You can delete a column from a DataFrame using various methods in Pandas.
1. Using del: You can use the del keyword followed by the DataFrame and the column name in square brackets to delete a column.
Example:
del df['List3']
print(df)
Output:
List1 List2
0 10 20
1 15 20
2 18 20
3 22 20
2. Using pop(): The pop() method removes and returns the specified column.
Example:
df.pop('List2')
print(df)
Output:
List1
0 10
1 15
2 18
3 22
3. Using drop(): The drop() method can delete columns or rows based on the axis parameter.
Example of deleting a column:
import pandas as pd
s = [10, 20, 30, 40]
df = pd.DataFrame(s)
df.columns = ['List1']
df['List2'] = 40
# Deleting a column using drop()
df1 = df.drop('List2', axis=1)
# Deleting rows using drop()
df2 = df.drop(index=[2, 3], axis=0)
print(df)
print("After deletion:")
print(df1)
print("After row deletion:")
print(df2)
Output:
List1 List2
0 10 40
1 20 40
2 30 40
3 40 40
After deletion:
List1
0 10
1 20
2 30
3 40
After row deletion:
List1 List2
0 10 40
1 20 40
The axis=1 parameter in drop() specifies column-wise deletion, while axis=0 specifies row-wise deletion.
Pandas provides loc() and iloc() methods to access subsets of data from a DataFrame using row and column labels or integer indexes, respectively.
The loc() method is used to access a group of rows and columns based on labels.
Syntax:
df.loc[StartRow : EndRow, StartColumn : EndColumn]
Note: If you use a colon (:) in the row or column part, Pandas provides the entire rows or columns, respectively.
Accessing specific rows and columns:
df.loc[2:5, 'A':'C']
This will select rows 2 to 5 and columns 'A' to 'C' inclusive.
Accessing all rows for specific columns:
df.loc[:, 'B':'D']
This will select all rows for columns 'B' to 'D' inclusive.

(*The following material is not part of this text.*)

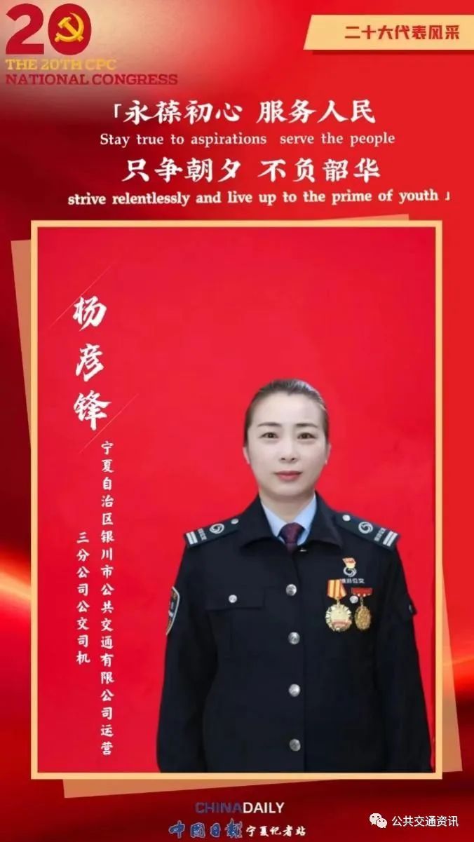 今年,她被推選為黨的二十大代表。楊彥鋒說作為一名共產黨員,我愿意為乘客一直服務下去。(中國日報寧夏記者站 胡冬梅 海報 鞏夢怡)

Accessing specific rows for all columns:
df.loc[2:5, :]
This will select rows 2 to 5 for all columns.
The iloc() method is used for integer-location based indexing.
Syntax:
Df.iloc[StartRow : EndRow, StartColumn : EndColumn]
Accessing specific rows and columns:
df.iloc[2:5, 0:3]
This will select rows 2 to 4 and columns 0 to 2.
Accessing all rows for specific columns:
df.iloc[:, 1:4]
This will select all rows for columns 1 to 3.
Accessing specific rows for all columns:
df.iloc[2:5, :]
This will select rows 2 to 4 for all columns.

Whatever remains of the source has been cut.